Comparing Continuous Problems¶

Download this as a Jupyter notebook

This example notebook shows how pyXla distinguishes between the sphere and deceptive problems.

The sphere function is defined as:

(1)¶\[f_1(x) = x^2,\]

and is visualised below:

The deceptive problem function is defined as:

(2)¶\[\begin{split} f_2(x) = \begin{cases} (0.4x - 2)^2 & \text{if } x > 0.625\\ (10x - 4)^2 - 2 & \text{otherwise}, \end{cases}\end{split}\]

and is visualised below:

Equation (2) is called deceptive because it has two local minima as shown in its visualisation above.

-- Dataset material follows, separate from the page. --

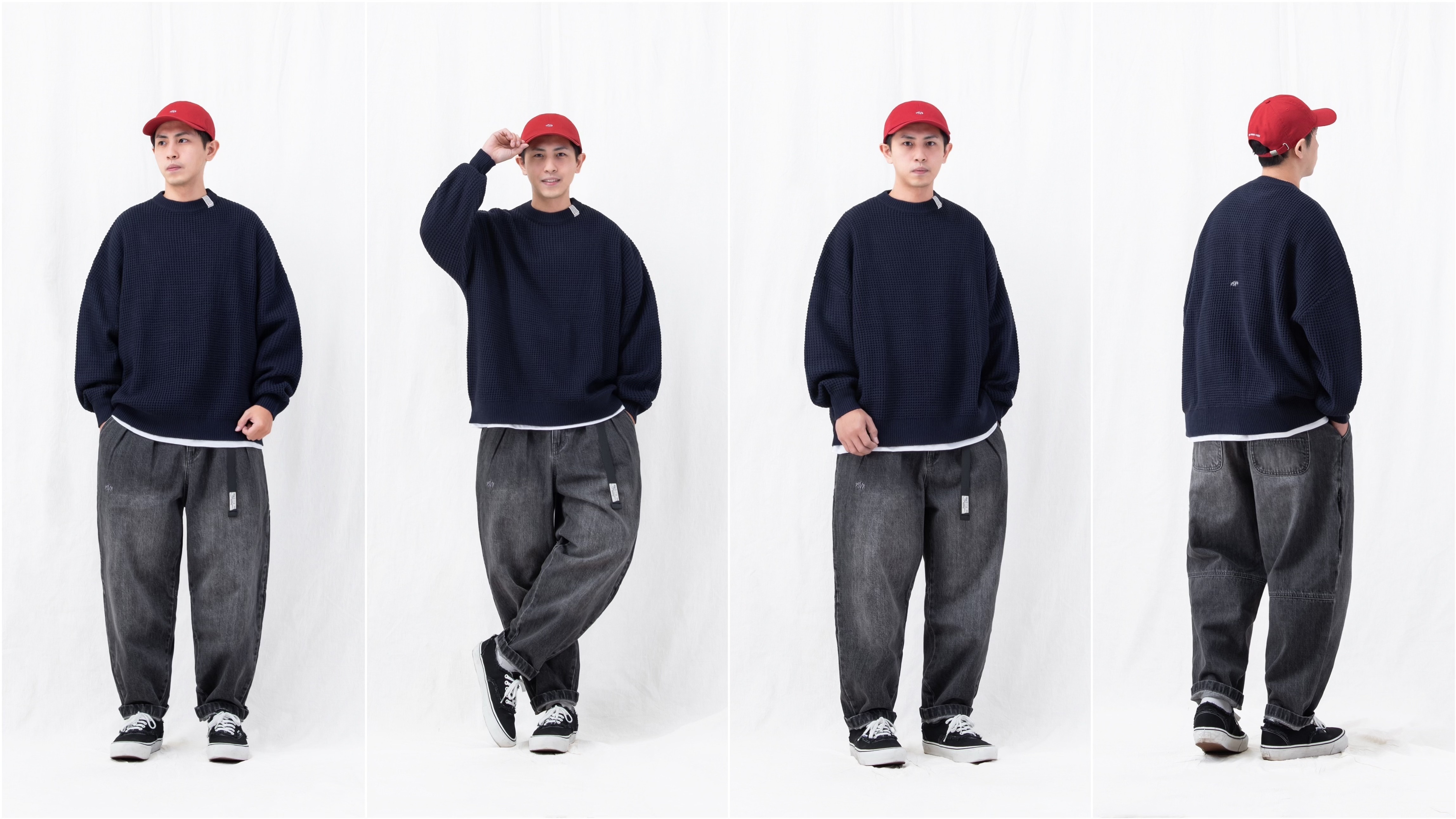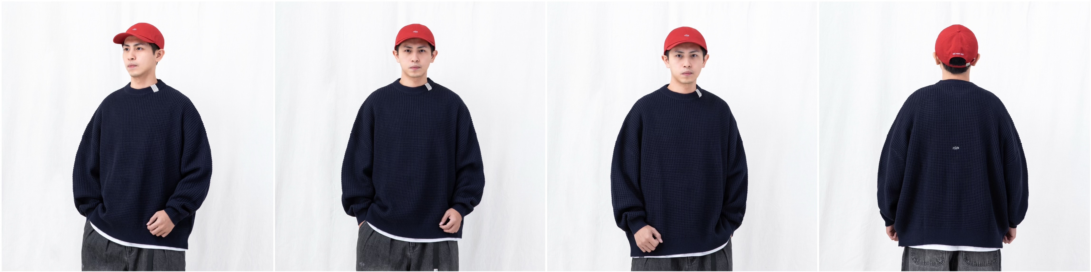 PERSEVERE 華夫格針織毛衣首次全新發售!不同於一般平紋針織商品,品牌特別採用立體粗針華夫格織法製作,使面料呈現蓬鬆卻紮實的獨特手感,版型則以品牌特色的寬鬆落肩輪廓為主,搭配袖口與下襬的羅紋設計,讓著用時自然堆疊出立體份量感,單穿或作為層次搭配都相當合適。

To begin, we load the two problems as samples:

from pyxla import load_data
from pyxla.sampling import HilbertCurveSampler

sphere_sample = {
    "name": "Sphere",
    "X": HilbertCurveSampler(sample_size=100, dim=1, l_bound=-5, u_bound=5),
    "F": lambda x: x**2
}

deceptive_sample = {
    "name": "Deceptive",
    "X": HilbertCurveSampler(sample_size=100, dim=1, l_bound=0, u_bound=6),
    "F": lambda x: (0.4 * x - 2) ** 2 if x > 0.625 else (10 * x - 4) ** 2 - 2
}

load_data(sphere_sample) # loaded in-place
load_data(deceptive_sample) # loaded in-place

WARNING:root:The Hilbert curve with dimension 1 is just a number line. You are sampling around points on a number line.

WARNING:root:The Hilbert curve with dimension 1 is just a number line. You are sampling around points on a number line.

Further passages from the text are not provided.